Using Topical Agents To Bolster Debridement
Debridement involves the removal of the necrotic and nonviable tissue impeding wound healing. It also “restarts” the wound healing process by converting the wound to a fresh, bleeding wound. One can perform debridement through a variety of techniques such as scalpel, curettes, ultrasound and hydrosurgery. One may employ topical agents for debridement when other methods of debridement are not appropriate or not feasible. Clinicians may also use topical agents following debridement in order to prevent or reduce the recurrence of nonviable tissue. Topical collagenase may help treat wounds to remove the native collagen within eschars and necrotic tissue. Collagenase (Santyl, Smith and Nephew) also serves to sever peptide bindings in collagen. Typically, commercially available collagenase is available at a fixed dosage of 250U/gm. However, with compounding, the concentration of collagenase use may achieve a greater debridement effect. Furthermore, other agents such as 10-30% urea may achieve further loosening of necrotic and nonviable tissue, and when one combines this urea agent with collagenase in the same compounded wound care product, the clinician can achieve a greater effect. Physicians commonly use collagenase in the management of wounds. When one utilizes collagenase in a compounded topical medication, it can be at the same or at greater strength than commercially available products.

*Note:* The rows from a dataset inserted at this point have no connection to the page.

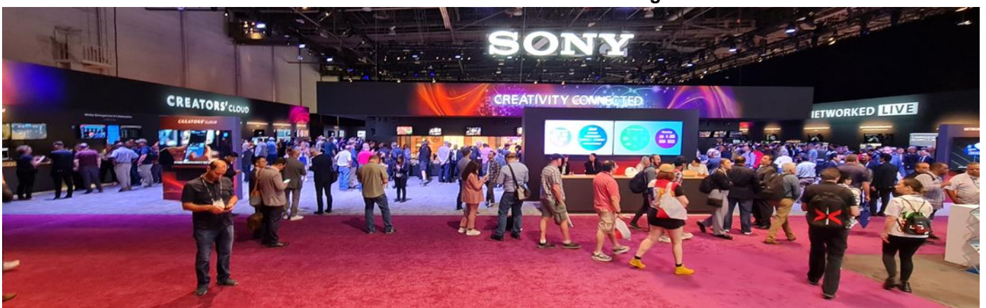
SONY am üblichen Ort und wieder in der alten Grösse in «hinten links in der Central Hall»
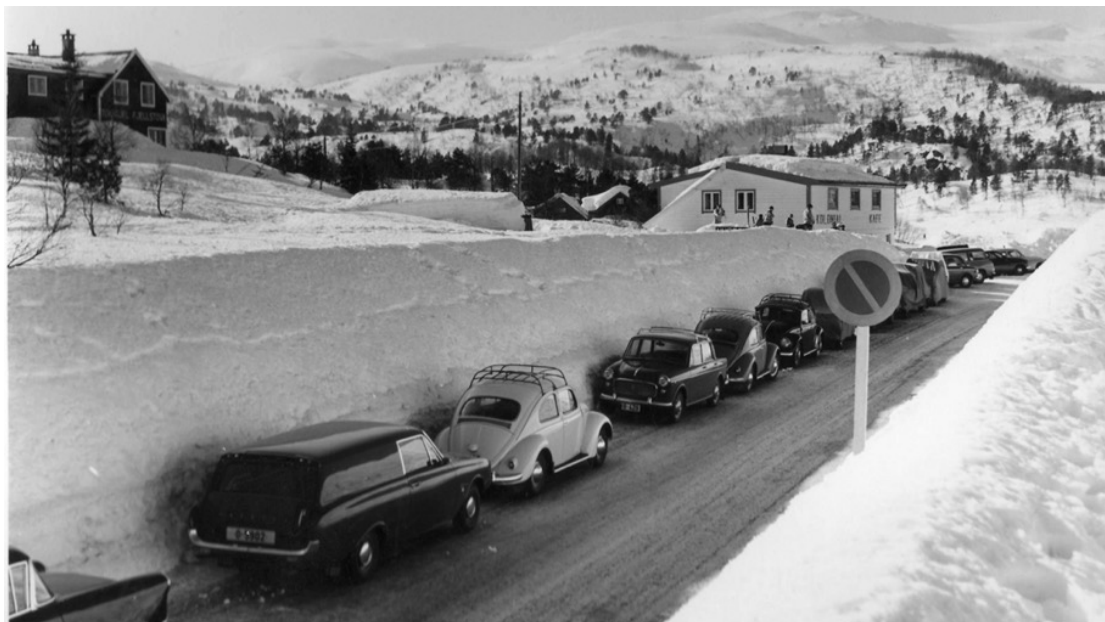
Bilkø Kvamskogen 1960
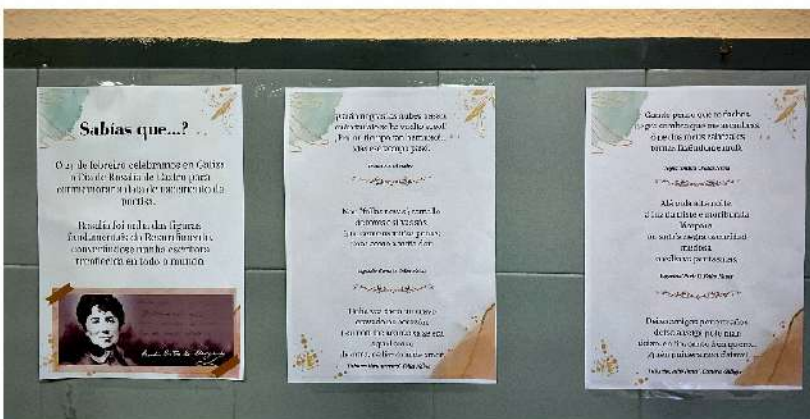
Na cafetería tamén lembran a Rosalía (feito por Paula Riobó)
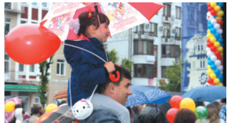
Попри дощ, дітлахам було весело і цікаво
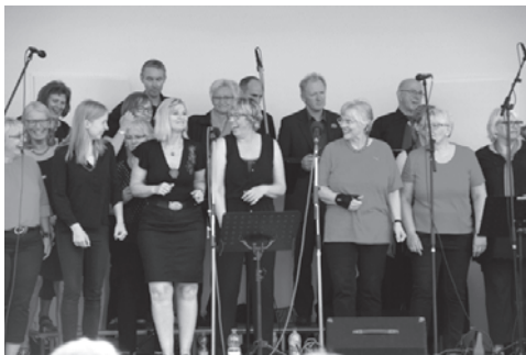
Die gut gelaunten Black Swans verbreiteten eine tolle Stimmung!
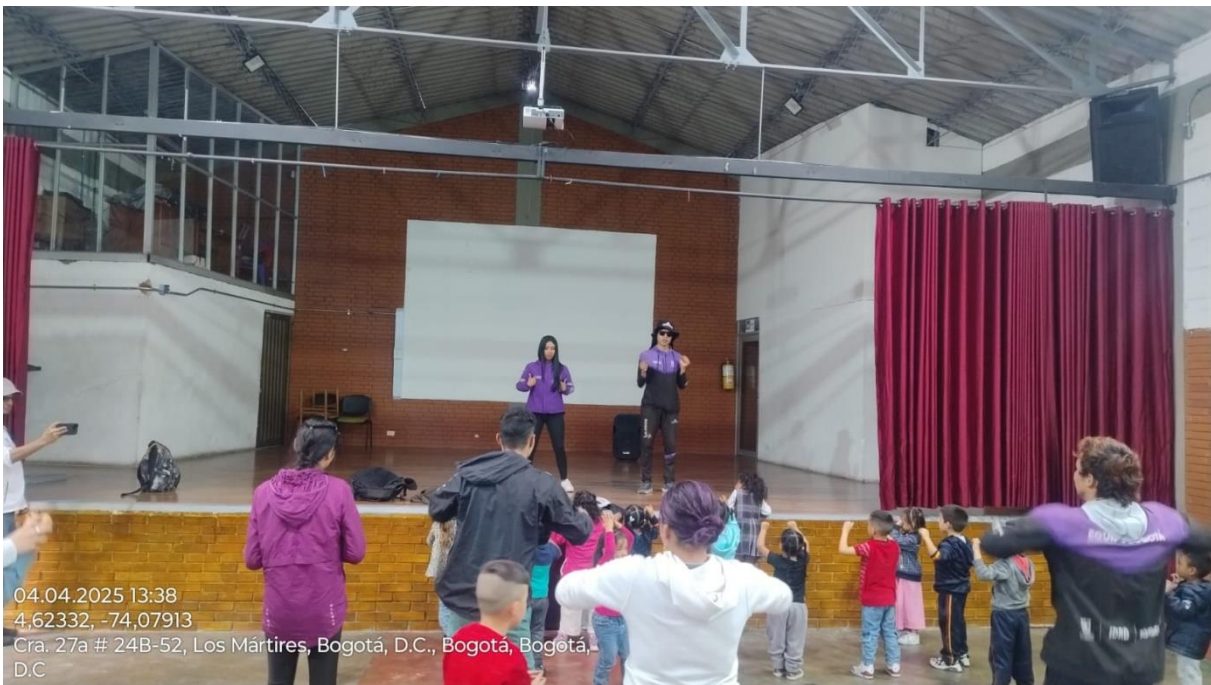
04.04.2025 13:38 4,62332, -74,07913 Cra. 27a # 24B-52, Los Mártires, Bogotá, D.C., Bogotá, Bogotá, D.C.

Keys To Increasing Vascular Perfusion To The Wound
Not infrequently, increasing vascular perfusion to a wound is required. With the utilization of compounding, one may add agents that promote increased vascular perfusion to achieve greater blood flow to the wound. Examples would include the addition of nifedipine, pentoxifylline, verapamil (Calan, Pfizer), amide local anesthetics such as lidocaine (Lidocaine, Endo Pharmaceuticals) or other calcium channel blockers such as propranolol. Accordingly, one may utilize a compounding agent to increase blood flow and at the same time use a debriding agent, topical anti-inflammatory, antibiotic, or antiseptic through one medication. Nifedipine and verapamil are other calcium channel blockers that relax blood vessels and increase blood flow to the wound. Calcium channel blockers prevent the release of internal calcium stores into cell cytosol, and as a result, the smooth muscle within the tunica media of the arterial supply does not respond to the calcium ion signal. This typically results in contracture of the muscle and decreased vascular perfusion. Amide anesthetics such as lidocaine or bupivacaine (Marcaine) also act as calcium channel blockers, causing increased blood flow to the wound. Since they are local anesthetics, lidocaine or bupivacaine also reduce the vasoconstriction resulting from pain, leading to a vasodilatory effect. Pentoxifylline is a xanthine derivative and phosphodiesterase inhibitor. It improves red blood cell deformability, resulting in increased oxygen delivery to the wound. It reduces blood viscosity, resulting in improved wound blood supply and the prevention of thrombus formation. In regard to agents clinicians use to improve blood supply to a wound, these modalities may be particularly useful in treating arterial ulcers, arteriovenous ulcers, ulcerations associated with conditions such as sickle cell anemia or vasculitis-associated ulceration in connective tissue disorders such as scleroderma or systemic lupus erythematosus. In addition, these ulcers are typically painful and the utilization of a topical anesthetic together with other wound healing agents may be very helpful in reducing pain and the need for opioids or other analgesics.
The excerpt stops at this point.